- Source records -
**********

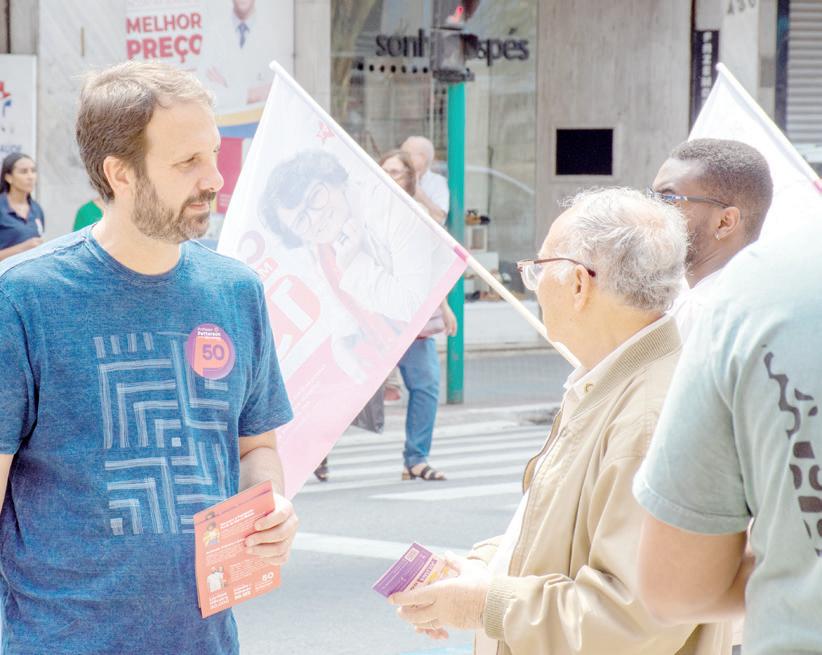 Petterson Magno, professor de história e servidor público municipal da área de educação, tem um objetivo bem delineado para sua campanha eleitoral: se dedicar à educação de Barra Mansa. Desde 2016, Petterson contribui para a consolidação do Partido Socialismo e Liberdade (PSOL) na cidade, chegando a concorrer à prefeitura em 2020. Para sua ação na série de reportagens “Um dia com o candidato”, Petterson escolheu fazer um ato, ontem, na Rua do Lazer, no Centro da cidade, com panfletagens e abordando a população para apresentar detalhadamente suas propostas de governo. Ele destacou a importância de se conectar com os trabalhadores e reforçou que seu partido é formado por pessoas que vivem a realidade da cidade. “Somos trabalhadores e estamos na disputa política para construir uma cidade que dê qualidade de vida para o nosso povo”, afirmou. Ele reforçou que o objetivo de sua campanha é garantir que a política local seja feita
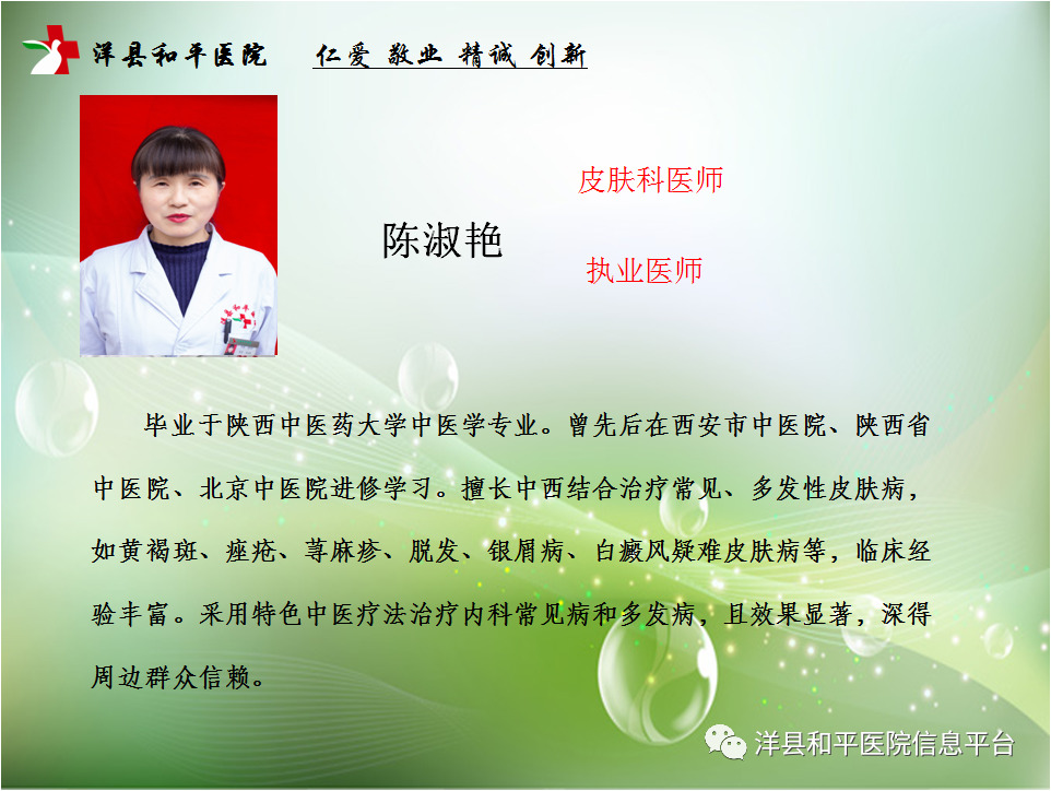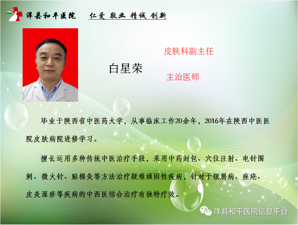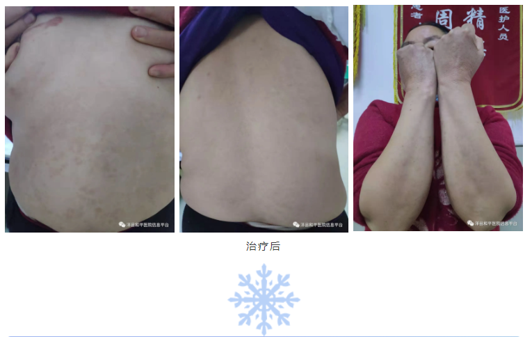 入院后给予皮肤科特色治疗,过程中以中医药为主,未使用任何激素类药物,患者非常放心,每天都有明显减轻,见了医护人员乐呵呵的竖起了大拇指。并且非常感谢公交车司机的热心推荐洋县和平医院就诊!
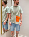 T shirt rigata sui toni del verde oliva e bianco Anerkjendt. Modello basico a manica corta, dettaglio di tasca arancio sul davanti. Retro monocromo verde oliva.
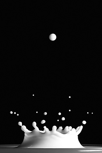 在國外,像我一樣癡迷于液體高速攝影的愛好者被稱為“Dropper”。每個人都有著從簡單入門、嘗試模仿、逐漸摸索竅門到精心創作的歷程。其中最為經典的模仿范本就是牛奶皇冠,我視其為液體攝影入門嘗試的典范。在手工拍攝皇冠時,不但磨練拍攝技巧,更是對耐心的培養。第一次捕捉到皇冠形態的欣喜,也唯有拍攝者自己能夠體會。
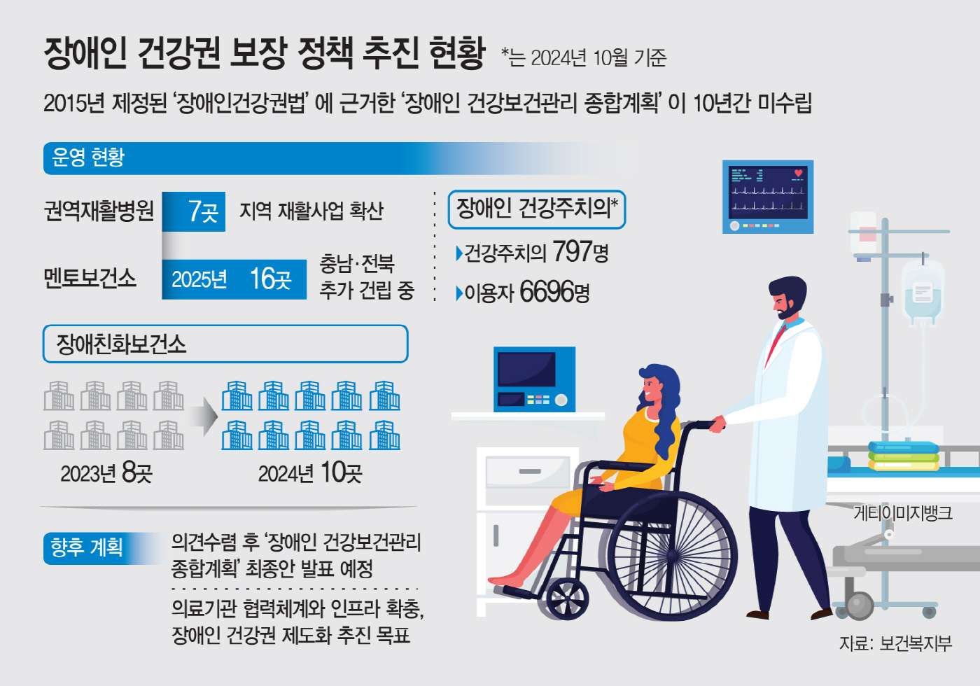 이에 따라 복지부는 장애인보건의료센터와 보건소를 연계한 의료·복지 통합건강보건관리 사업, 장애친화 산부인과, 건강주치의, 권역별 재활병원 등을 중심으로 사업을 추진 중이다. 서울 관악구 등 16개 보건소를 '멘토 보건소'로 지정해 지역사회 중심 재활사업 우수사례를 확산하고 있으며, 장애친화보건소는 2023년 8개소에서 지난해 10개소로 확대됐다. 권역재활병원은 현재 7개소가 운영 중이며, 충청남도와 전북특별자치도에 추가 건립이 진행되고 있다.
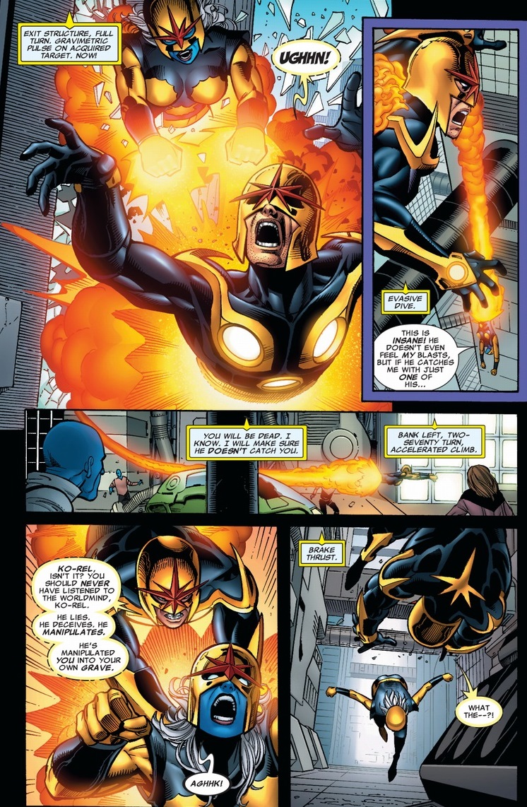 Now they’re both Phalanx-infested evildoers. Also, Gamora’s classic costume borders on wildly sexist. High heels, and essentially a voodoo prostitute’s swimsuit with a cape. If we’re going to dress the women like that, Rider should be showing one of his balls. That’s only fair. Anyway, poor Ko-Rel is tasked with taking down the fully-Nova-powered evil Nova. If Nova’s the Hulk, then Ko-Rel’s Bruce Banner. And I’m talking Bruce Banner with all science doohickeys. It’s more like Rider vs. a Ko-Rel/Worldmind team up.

**********

- EXERCISE OBJECTIVE -
With pictures removed, write out exactly each line of the entries from the first through the line that holds "T shirt rigata".

- SOLUTION FOR THIS PROBLEM -
 Petterson Magno, professor de história e servidor público municipal da área de educação, tem um objetivo bem delineado para sua campanha eleitoral: se dedicar à educação de Barra Mansa. Desde 2016, Petterson contribui para a consolidação do Partido Socialismo e Liberdade (PSOL) na cidade, chegando a concorrer à prefeitura em 2020. Para sua ação na série de reportagens “Um dia com o candidato”, Petterson escolheu fazer um ato, ontem, na Rua do Lazer, no Centro da cidade, com panfletagens e abordando a população para apresentar detalhadamente suas propostas de governo. Ele destacou a importância de se conectar com os trabalhadores e reforçou que seu partido é formado por pessoas que vivem a realidade da cidade. “Somos trabalhadores e estamos na disputa política para construir uma cidade que dê qualidade de vida para o nosso povo”, afirmou. Ele reforçou que o objetivo de sua campanha é garantir que a política local seja feita
 入院后给予皮肤科特色治疗,过程中以中医药为主,未使用任何激素类药物,患者非常放心,每天都有明显减轻,见了医护人员乐呵呵的竖起了大拇指。并且非常感谢公交车司机的热心推荐洋县和平医院就诊!
 T shirt rigata sui toni del verde oliva e bianco Anerkjendt. Modello basico a manica corta, dettaglio di tasca arancio sul davanti. Retro monocromo verde oliva.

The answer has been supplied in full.